EXERCISE DESCRIPTION: When you copy from the entries that follow, take only the lines from the one with "在画面编辑页面,按照下图所示" down to the one with "وكيع ... به.", keeping both ends and dropping every picture.

SOURCE MATERIAL:
□ □ □ □ □ □ □

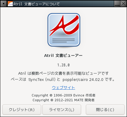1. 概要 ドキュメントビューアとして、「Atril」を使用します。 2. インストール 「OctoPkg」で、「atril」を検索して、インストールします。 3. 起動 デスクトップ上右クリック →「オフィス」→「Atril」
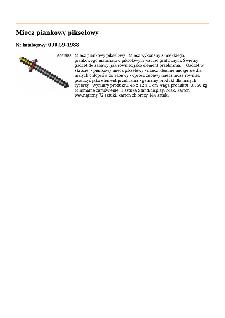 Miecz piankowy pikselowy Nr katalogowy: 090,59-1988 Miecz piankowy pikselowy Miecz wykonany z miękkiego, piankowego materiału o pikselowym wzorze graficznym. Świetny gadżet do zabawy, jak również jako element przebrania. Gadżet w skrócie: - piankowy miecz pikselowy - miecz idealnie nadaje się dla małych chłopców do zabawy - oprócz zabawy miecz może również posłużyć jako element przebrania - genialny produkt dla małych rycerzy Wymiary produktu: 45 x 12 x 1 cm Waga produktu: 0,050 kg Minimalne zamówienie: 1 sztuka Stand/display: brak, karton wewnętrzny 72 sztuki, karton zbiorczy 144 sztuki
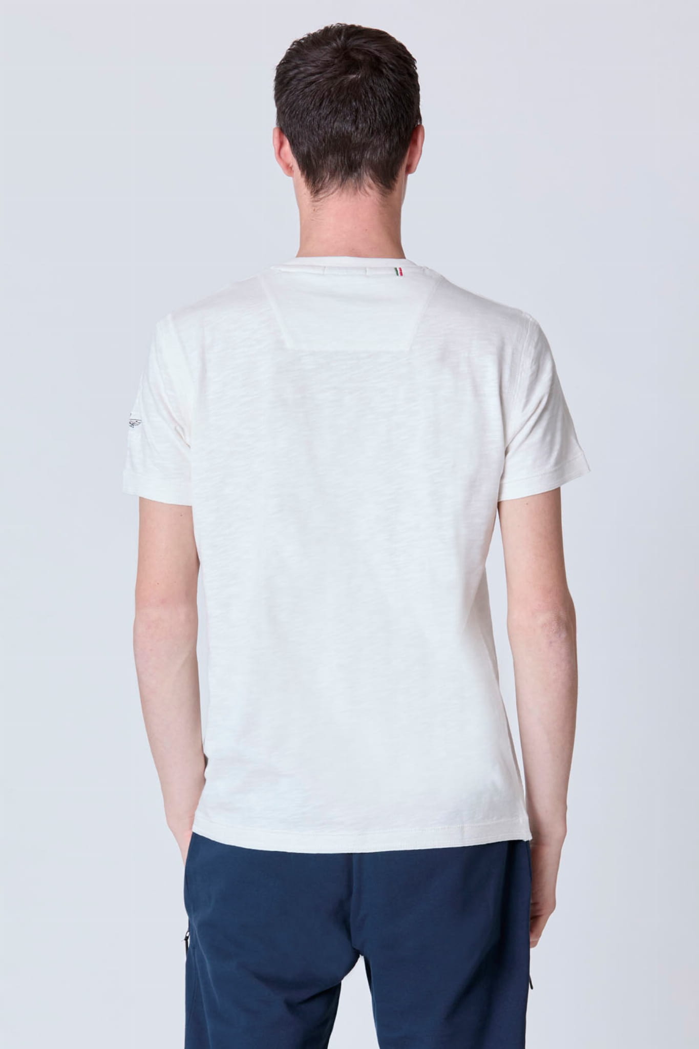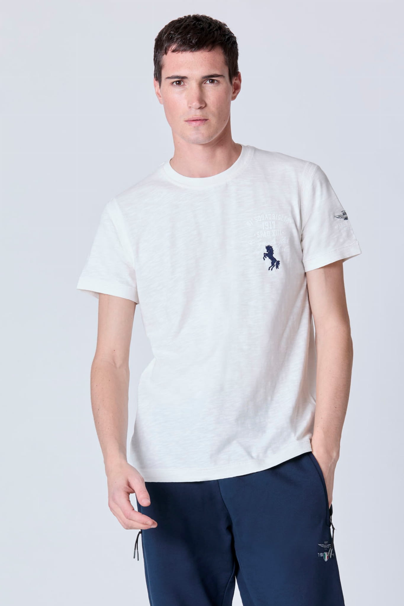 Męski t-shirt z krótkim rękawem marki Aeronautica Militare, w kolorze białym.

□ □ □ □ □ □ □

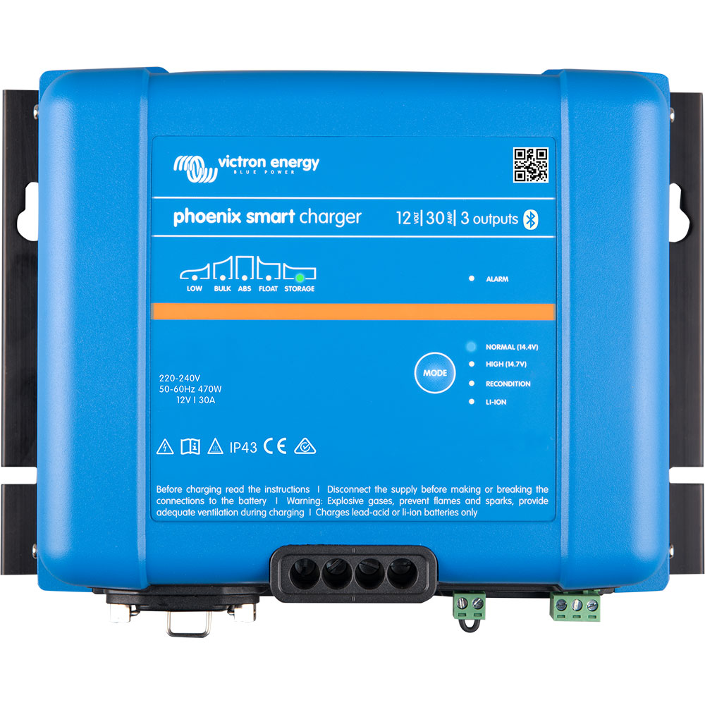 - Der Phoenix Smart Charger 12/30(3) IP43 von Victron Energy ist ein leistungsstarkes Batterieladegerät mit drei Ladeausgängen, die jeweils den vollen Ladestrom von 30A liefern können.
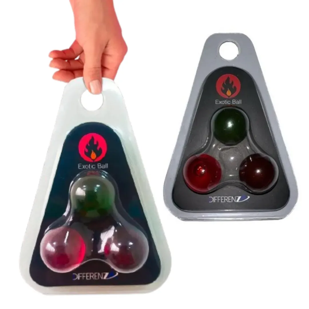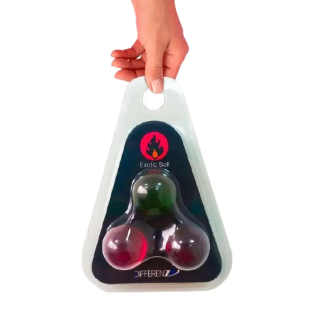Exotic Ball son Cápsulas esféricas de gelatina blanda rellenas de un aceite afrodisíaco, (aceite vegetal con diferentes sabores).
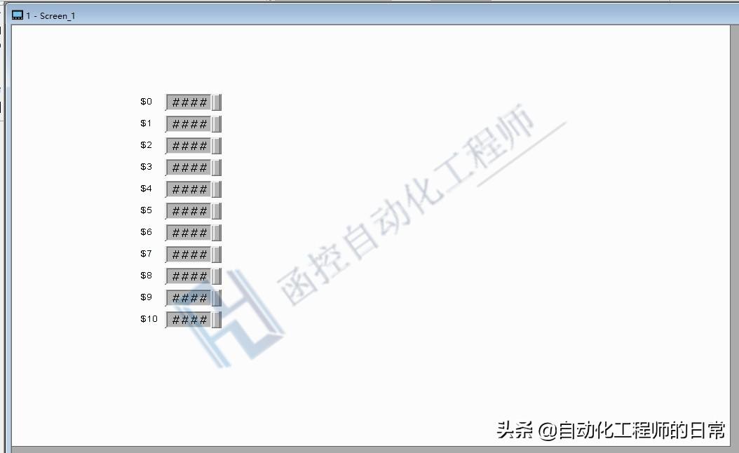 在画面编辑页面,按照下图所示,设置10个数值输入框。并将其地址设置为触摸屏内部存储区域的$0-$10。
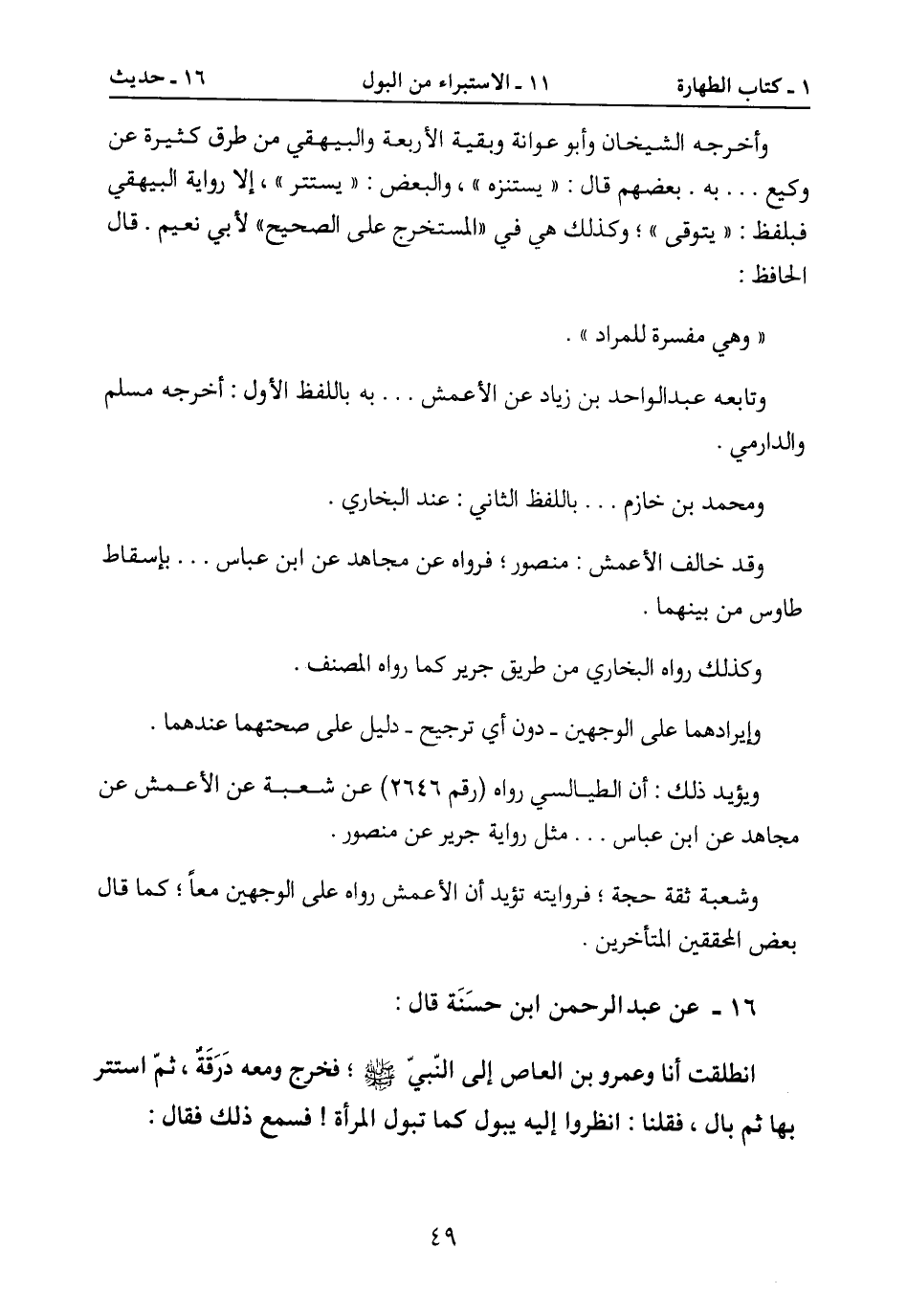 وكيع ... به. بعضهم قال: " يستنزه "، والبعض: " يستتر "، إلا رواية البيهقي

□ □ □ □ □ □ □

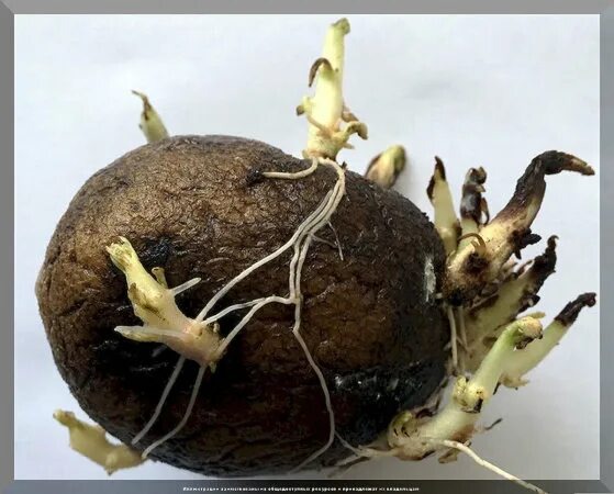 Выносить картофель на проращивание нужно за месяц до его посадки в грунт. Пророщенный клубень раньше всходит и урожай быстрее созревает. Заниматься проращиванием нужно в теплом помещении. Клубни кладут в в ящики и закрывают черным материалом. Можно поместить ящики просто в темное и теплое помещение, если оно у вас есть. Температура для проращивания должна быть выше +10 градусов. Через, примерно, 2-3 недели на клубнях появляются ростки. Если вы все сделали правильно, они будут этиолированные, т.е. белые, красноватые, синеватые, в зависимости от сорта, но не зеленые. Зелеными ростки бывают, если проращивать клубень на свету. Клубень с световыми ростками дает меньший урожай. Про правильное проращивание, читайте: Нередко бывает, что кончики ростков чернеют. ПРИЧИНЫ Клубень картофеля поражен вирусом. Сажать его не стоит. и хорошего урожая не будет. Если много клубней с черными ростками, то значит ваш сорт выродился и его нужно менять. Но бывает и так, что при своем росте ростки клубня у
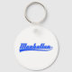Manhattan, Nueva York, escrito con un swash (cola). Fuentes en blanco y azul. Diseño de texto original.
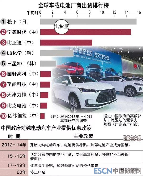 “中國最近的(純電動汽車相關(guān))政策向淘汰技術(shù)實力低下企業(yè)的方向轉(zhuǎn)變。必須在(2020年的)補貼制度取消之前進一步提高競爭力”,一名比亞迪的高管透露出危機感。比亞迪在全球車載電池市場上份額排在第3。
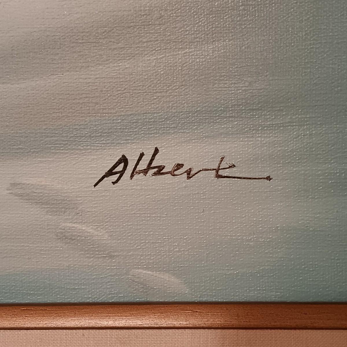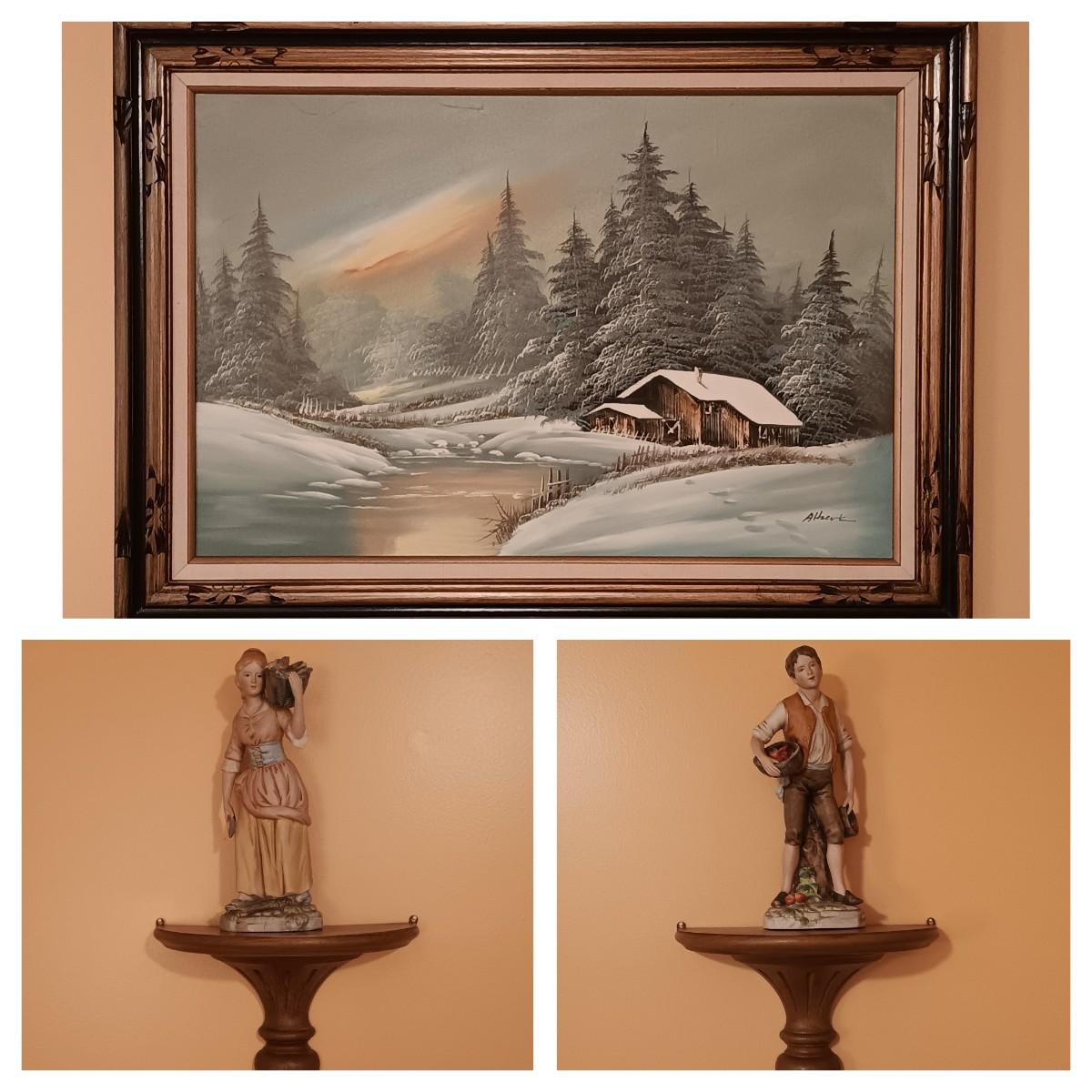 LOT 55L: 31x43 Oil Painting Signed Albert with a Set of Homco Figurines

□ □ □ □ □ □ □

YOUR SOLUTION:
 在画面编辑页面,按照下图所示,设置10个数值输入框。并将其地址设置为触摸屏内部存储区域的$0-$10。
 وكيع ... به. بعضهم قال: " يستنزه "، والبعض: " يستتر "، إلا رواية البيهقي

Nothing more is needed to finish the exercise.